- **Data excerpts**
•••

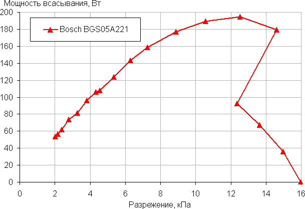 Инструментальные тесты в основном заключались в определении мощности всасывания и измерении уровня шума. Зависимость мощности (что это такое и как мы ее измеряем описано в отдельной статье) всасывания от создаваемого разрежения приведена на графике ниже:
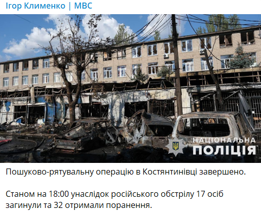 В Константиновке Донецкой области завершили поисковую операцию после прилёта по рынку. По состоянию на 18:00 погибли 17 человек, еще 32 - получили ранения.
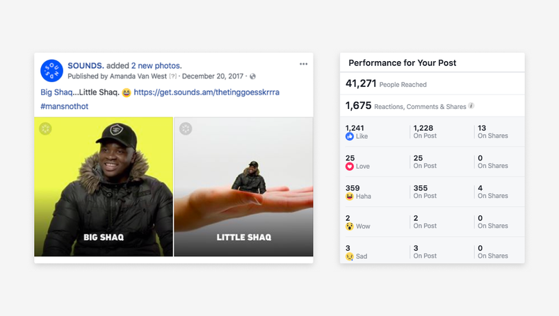 Step one was doing a content analysis of Facebook pages in the music/media/app space (shout out to TV Time and Unilad Sound!), to learn what types of posts had the highest engagement, and then using those findings to put together what types of posts we wanted for Sounds.
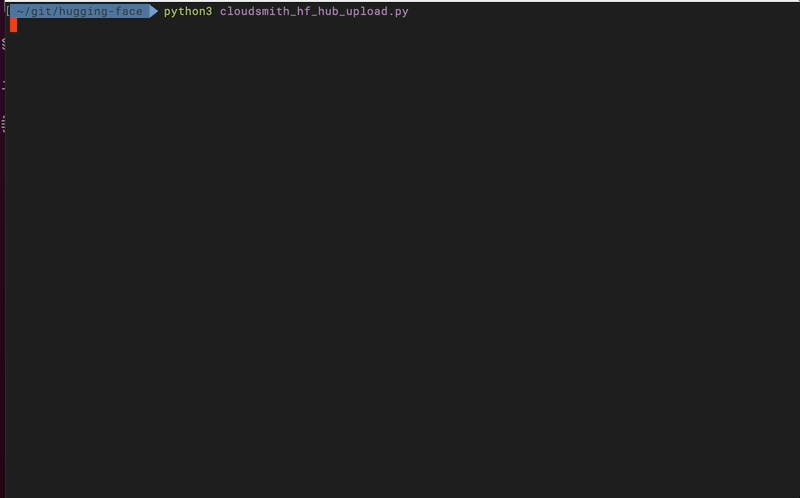 You can easily upload your models and datasets to Cloudsmith using the tools you already know. Cloudsmith supports uploads via the huggingface_hub Python library, which is the underlying engine for popular libraries like transformers and datasets.
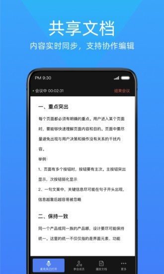 3.产品内支持多人语音通话、文档同步查看、文档协作编辑等强大功能。
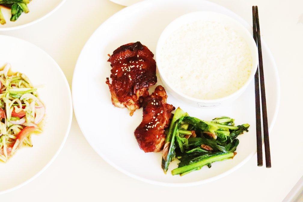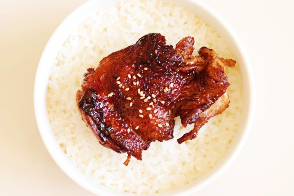 香喷喷的照烧鸡腿饭,可惜减肥不能吃鸡皮
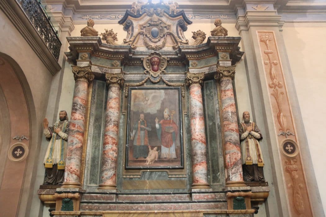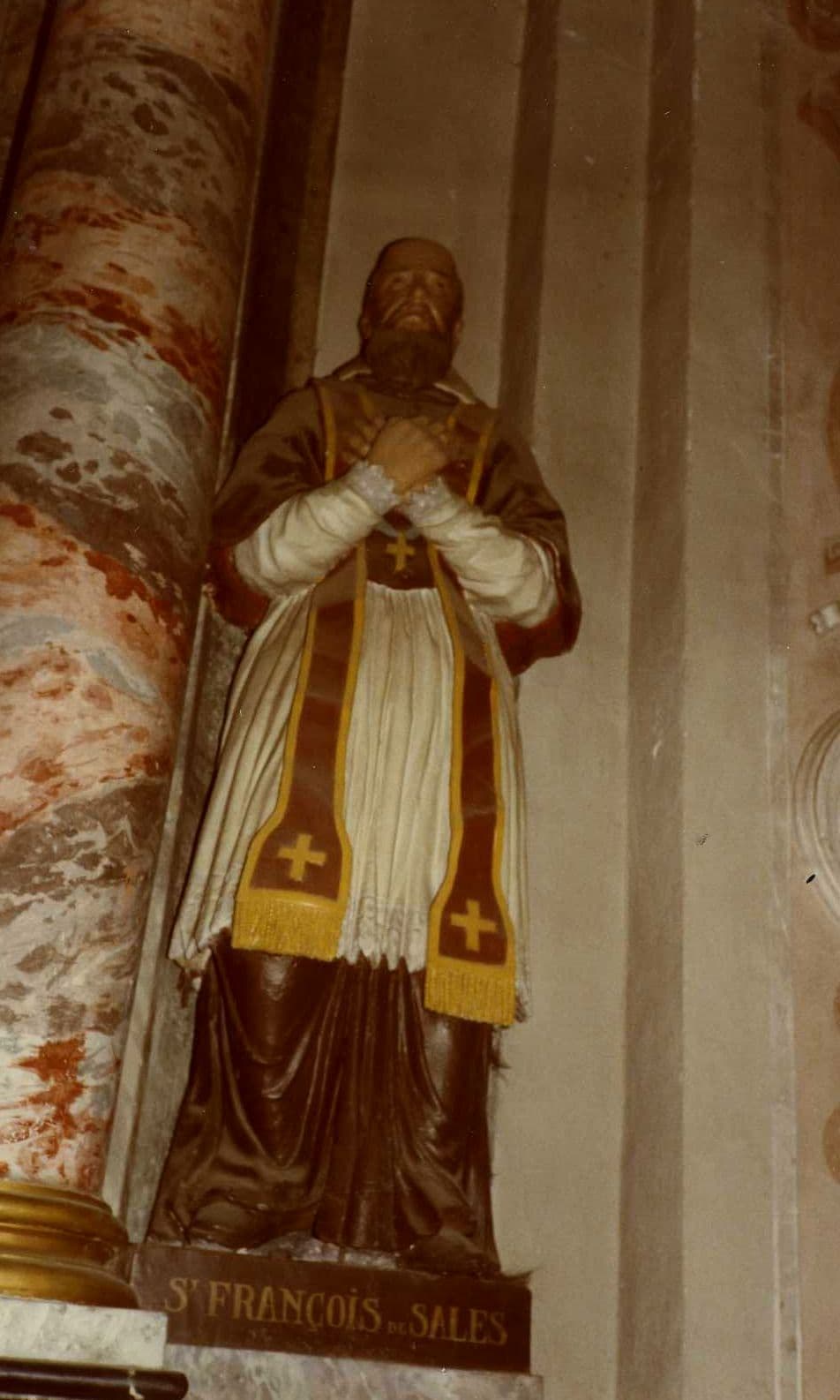 quatre statues : Sainte Christine, Saint Aimé, Saint Alphonse-Marie de Ligori, Saint François de Sales

•••

- **What you have to do**
Restate the data above word for word. Skip every picture.

- **Exercise answer**
 Инструментальные тесты в основном заключались в определении мощности всасывания и измерении уровня шума. Зависимость мощности (что это такое и как мы ее измеряем описано в отдельной статье) всасывания от создаваемого разрежения приведена на графике ниже:
 В Константиновке Донецкой области завершили поисковую операцию после прилёта по рынку. По состоянию на 18:00 погибли 17 человек, еще 32 - получили ранения.
 Step one was doing a content analysis of Facebook pages in the music/media/app space (shout out to TV Time and Unilad Sound!), to learn what types of posts had the highest engagement, and then using those findings to put together what types of posts we wanted for Sounds.
 You can easily upload your models and datasets to Cloudsmith using the tools you already know. Cloudsmith supports uploads via the huggingface_hub Python library, which is the underlying engine for popular libraries like transformers and datasets.
 3.产品内支持多人语音通话、文档同步查看、文档协作编辑等强大功能。
 香喷喷的照烧鸡腿饭,可惜减肥不能吃鸡皮
 quatre statues : Sainte Christine, Saint Aimé, Saint Alphonse-Marie de Ligori, Saint François de Sales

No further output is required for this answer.